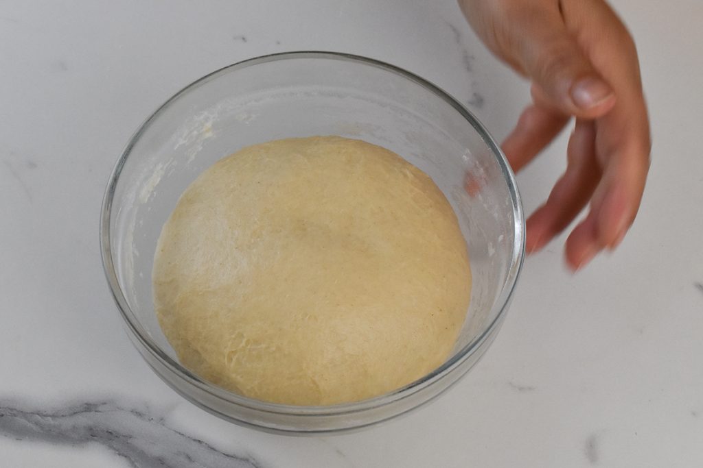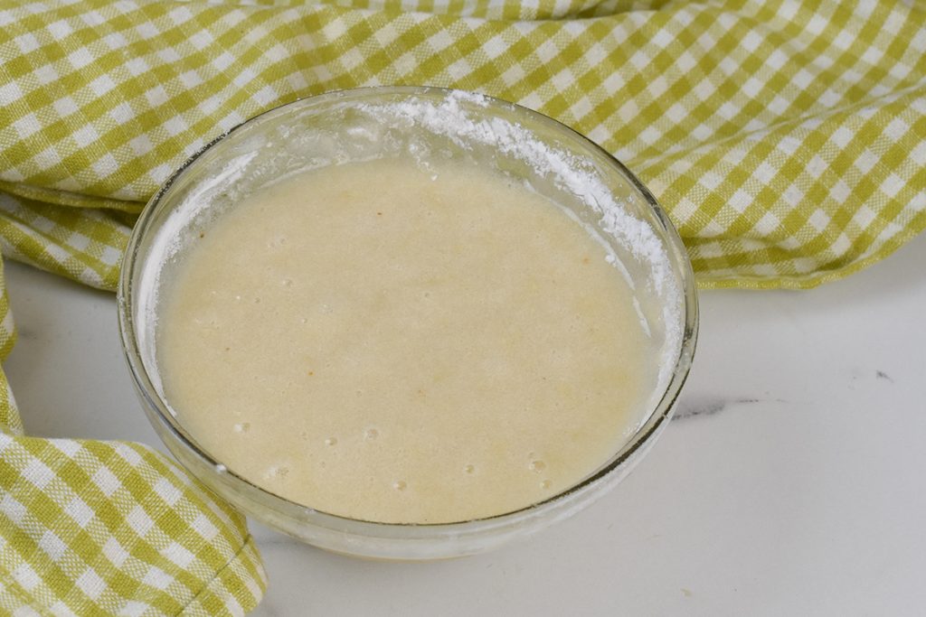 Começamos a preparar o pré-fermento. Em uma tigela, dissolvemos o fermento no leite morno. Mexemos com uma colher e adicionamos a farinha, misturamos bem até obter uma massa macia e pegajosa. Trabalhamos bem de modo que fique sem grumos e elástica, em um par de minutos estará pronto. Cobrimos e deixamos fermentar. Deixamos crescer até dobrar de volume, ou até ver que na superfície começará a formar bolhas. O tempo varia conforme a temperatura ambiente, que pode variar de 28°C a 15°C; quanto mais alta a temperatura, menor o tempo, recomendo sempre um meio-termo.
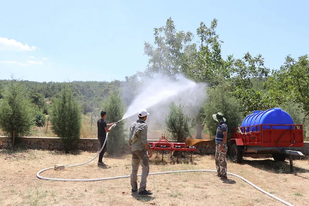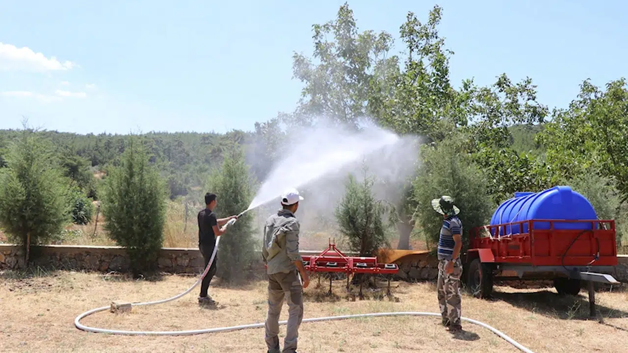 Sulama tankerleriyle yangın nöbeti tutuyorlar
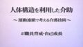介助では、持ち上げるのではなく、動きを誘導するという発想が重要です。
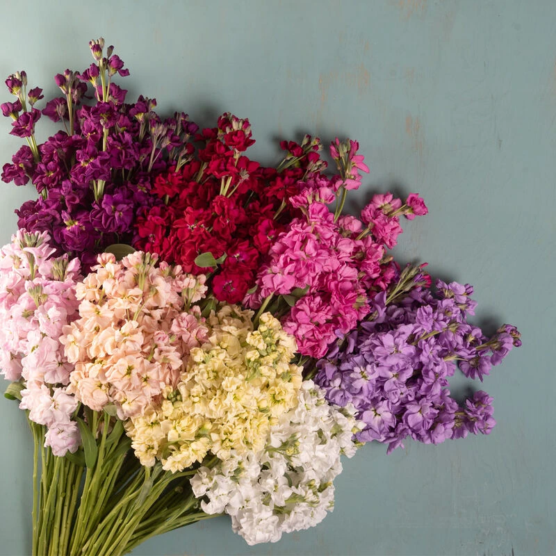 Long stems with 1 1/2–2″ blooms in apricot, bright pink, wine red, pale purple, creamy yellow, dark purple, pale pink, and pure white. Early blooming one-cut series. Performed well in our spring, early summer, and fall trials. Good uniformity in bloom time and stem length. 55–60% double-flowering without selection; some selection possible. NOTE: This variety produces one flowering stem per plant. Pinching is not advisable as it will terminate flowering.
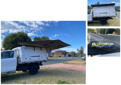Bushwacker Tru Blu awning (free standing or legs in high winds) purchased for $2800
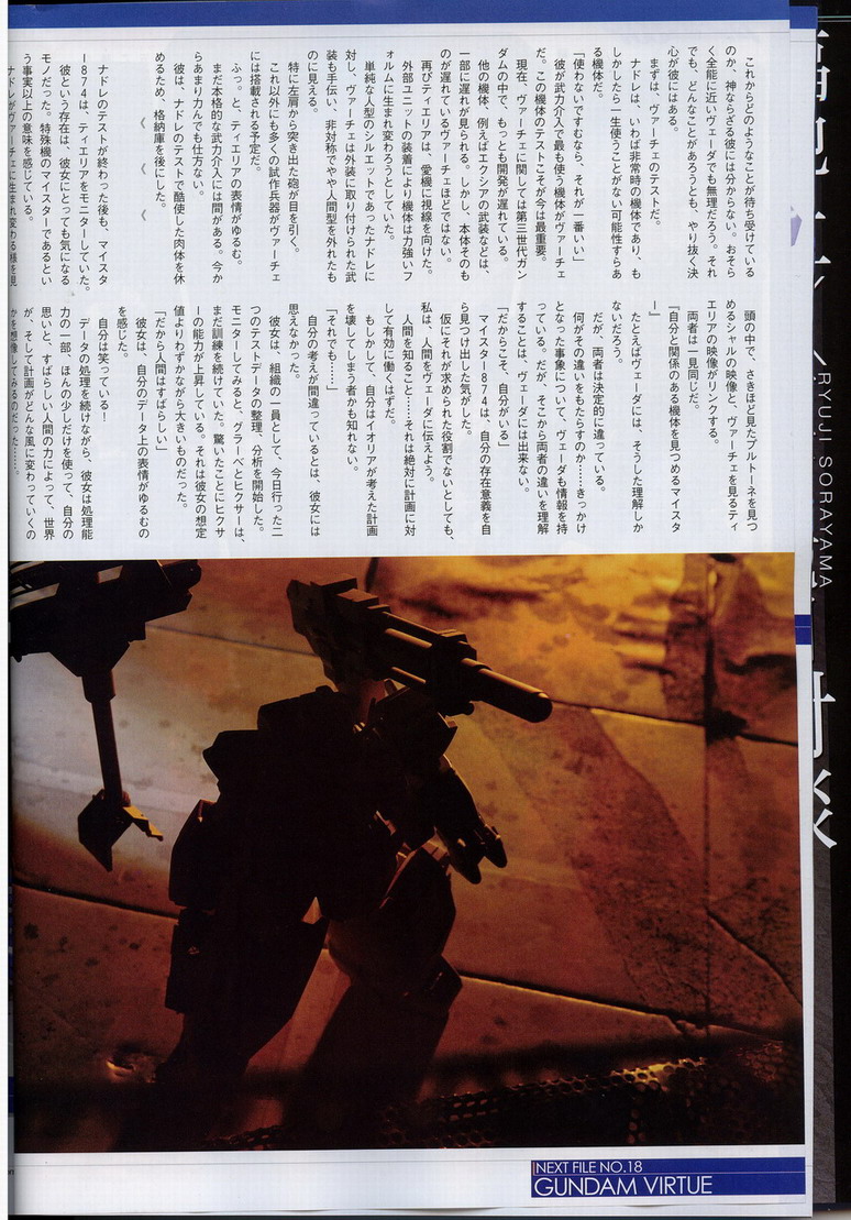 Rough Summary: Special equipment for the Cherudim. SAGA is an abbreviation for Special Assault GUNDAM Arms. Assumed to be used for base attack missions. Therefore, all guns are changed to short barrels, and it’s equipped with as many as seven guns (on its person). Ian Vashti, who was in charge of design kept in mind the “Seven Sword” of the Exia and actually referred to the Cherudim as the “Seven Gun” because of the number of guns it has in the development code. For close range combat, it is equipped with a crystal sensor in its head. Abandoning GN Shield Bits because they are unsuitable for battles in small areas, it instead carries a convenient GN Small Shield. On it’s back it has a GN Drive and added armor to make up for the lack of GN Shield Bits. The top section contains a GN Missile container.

About this exercise:
Please reproduce exactly, and nothing more, the lines from the one containing "介助では、持ち上げるのではなく、動きを誘導するという発想が重要です。" through the last line of the entries, both included; pictures stay out.

Worked solution:
介助では、持ち上げるのではなく、動きを誘導するという発想が重要です。
 Long stems with 1 1/2–2″ blooms in apricot, bright pink, wine red, pale purple, creamy yellow, dark purple, pale pink, and pure white. Early blooming one-cut series. Performed well in our spring, early summer, and fall trials. Good uniformity in bloom time and stem length. 55–60% double-flowering without selection; some selection possible. NOTE: This variety produces one flowering stem per plant. Pinching is not advisable as it will terminate flowering.
Bushwacker Tru Blu awning (free standing or legs in high winds) purchased for $2800
 Rough Summary: Special equipment for the Cherudim. SAGA is an abbreviation for Special Assault GUNDAM Arms. Assumed to be used for base attack missions. Therefore, all guns are changed to short barrels, and it’s equipped with as many as seven guns (on its person). Ian Vashti, who was in charge of design kept in mind the “Seven Sword” of the Exia and actually referred to the Cherudim as the “Seven Gun” because of the number of guns it has in the development code. For close range combat, it is equipped with a crystal sensor in its head. Abandoning GN Shield Bits because they are unsuitable for battles in small areas, it instead carries a convenient GN Small Shield. On it’s back it has a GN Drive and added armor to make up for the lack of GN Shield Bits. The top section contains a GN Missile container.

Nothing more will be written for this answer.